Minimum norm least squares solution: \(\mathbf{x} = A^+\mathbf{b} = \begin{pmatrix} 1/2 & 1/2 & 0 \\ 1/3 & -1/3 & 1/3 \end{pmatrix}\begin{pmatrix} 3 \\ 1 \\ 1 \end{pmatrix} = \begin{pmatrix} 2 \\ 1 \end{pmatrix}\).

Residual: \(A\mathbf{x} - \mathbf{b} = \begin{pmatrix} 3 \\ 1 \\ 1 \end{pmatrix} - \begin{pmatrix} 3 \\ 1 \\ 1 \end{pmatrix} = \mathbf{0}\).

The system turns out to be compatible! The solution is unique (since \(A\) has full column rank).

Example 20.13

A truly incompatible case. Let \(A = \begin{pmatrix} 1 \\ 1 \end{pmatrix}\), \(\mathbf{b} = \begin{pmatrix} 1 \\ 3 \end{pmatrix}\).

\(A^+ = \frac{A^T}{A^TA} = \frac{1}{2}(1, 1)\).

\(\mathbf{x} = A^+\mathbf{b} = \frac{1}{2}(1 + 3) = 2\).

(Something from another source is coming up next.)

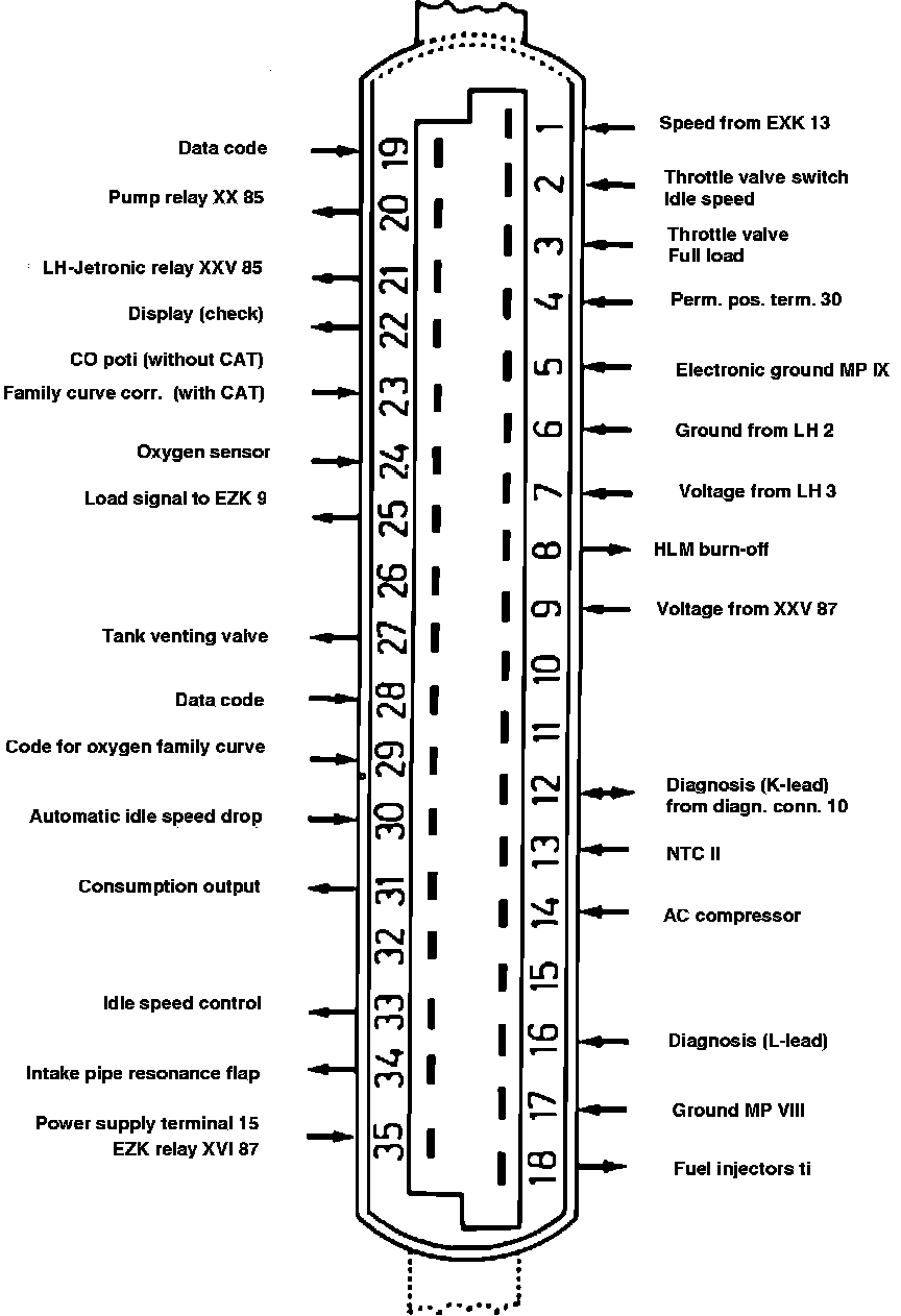 1. With ignition off, disconnect multiple pin plug from ECU.

Least squares solution: \(x = 2\), \(A\mathbf{x} = \begin{pmatrix} 2 \\ 2 \end{pmatrix}\), residual \(= \begin{pmatrix} -1 \\ 1 \end{pmatrix}\), \(\|\)residual\(\| = \sqrt{2}\).

This is optimal, since \(\|A x - \mathbf{b}\|^2 = (x-1)^2 + (x-3)^2\), differentiating with respect to \(x\) gives \(2(x-1) + 2(x-3) = 0\), so \(x = 2\).